This secret cession became public in 1802 when Napoleon sent a French force to take possession of New Orleans and Louisiana (which remained ostensibly under Spanish control). Jefferson and other Americans—Republicans and Federalists alike—were worried. They thought Spanish control of Louisiana troublesome, since the Spanish could easily close off the port of New Orleans to the shipment of American goods. Yet, Spain was weak, and Jefferson hoped that in time Americans could take advantage of this weakness and begin pealing away parts of Louisiana for the United States. French control of Louisiana, however, was another matter altogether, for Napoleon’s France was strong and thus a real hindrance to American expansion westward. Hoping to ward off the French threat, Jefferson wrote to the American minister at Paris telling him to warn the French government that “the day that France takes possession of New Orleans . . . we must marry ourselves to the British fleet and nation.” This was no idle threat; for Great Britain was Napoleon’s greatest enemy in Europe. An American alliance with Great Britain could threaten French possessions in the Americas.

Tensions between France and the United States increased in 1803; the Spanish governor of Louisiana again forbade Americans in the West the right to ship their goods through the port of New Orleans. The president’s Federalist rivals clamored for war with France; but Jefferson, eager to maintain peace, instead sent James Monroe to France as envoy extraordinary to help the American consul Robert Livingston negotiate an understanding with France.
Events now took a significant turn. Napoleon was mobilizing for war with Britain, and he feared that, with their superior sea power, the British might seize Louisiana. Moreover, Napoleon needed money. On April 11, 1803, his minister, Talleyrand, approached Livingston and Monroe and offered to sell the whole of Louisiana to the United States. Nineteen days later Livingston and Talleyrand signed an agreement in which France agreed to sell Louisiana to the United States for the bargain price of $15 million.

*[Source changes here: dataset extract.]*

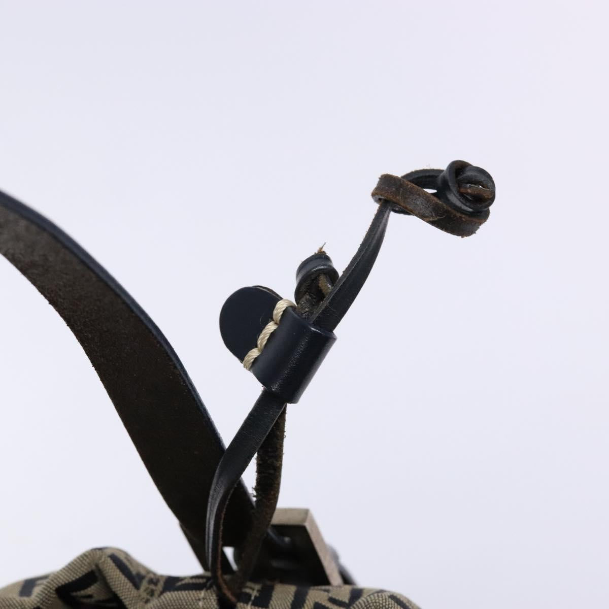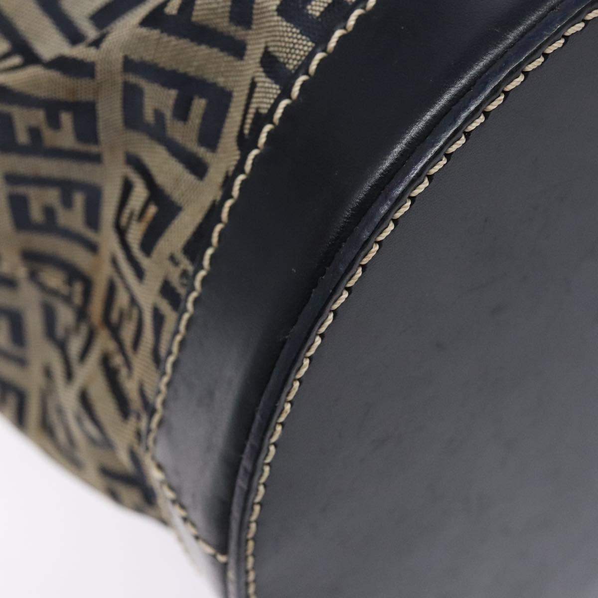 FENDI Zucchino Canvas Shoulder Bag Navy Silver Auth 139734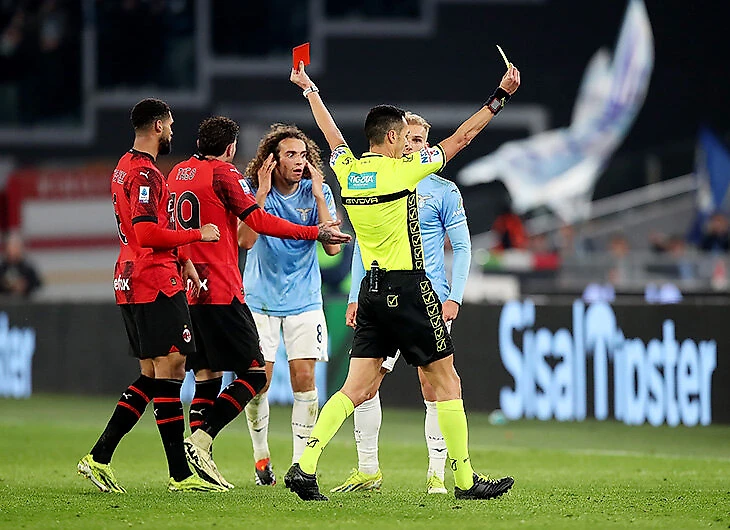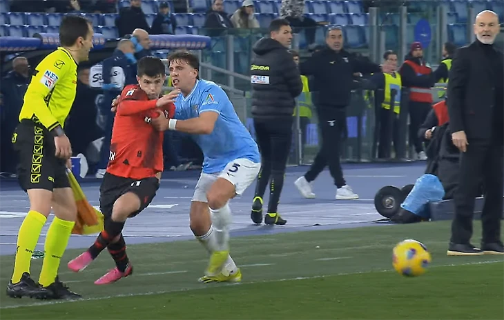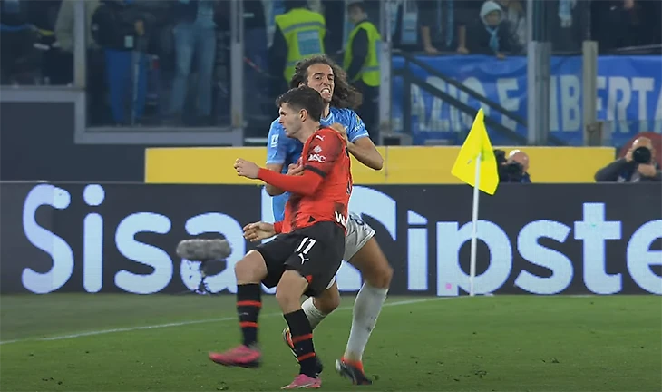 Под самый конец «Милан» все-таки повел, благодаря голу форварда Ноа Окафора. «Лацио» полез вперед, много фолил. И на 95-й минуте нервы не выдержали у Адама Марушича: он слега подтолкнул Леау, судья Марко Ди Белло свистнул фол.

Jefferson faced a quandary. According to his own political philosophy, the Constitution gave the president no authority to add to national territory by treaty. His lawyers, however, hammered out a justification, worthy of Hamilton, for the purchase; the power to purchase was implied, they said, not actually spelled out, in the Constitution. The reasoning certainly violated Jefferson’s strict-constructionism; but his conviction that the U.S. should expand to the west—even, perhaps, to the Pacific—as well as his fear of foreign powers in the West demanded a momentary lapse from constitutional purity. The failure to control New Orleans, he thought, would imperil the continuance of the West in the federal union. “The future destinies of our country hang on the event of this negotiation,” said Jefferson. So despite its dubious constitutionality, Jefferson submitted the treaty to the Senate, and it was ratified.
On November 30, 1803, the Spanish government formally transferred Louisiana to France. Three weeks later, France transferred the territory to the United States. By the stroke of a pen, Jefferson had doubled the size of the country.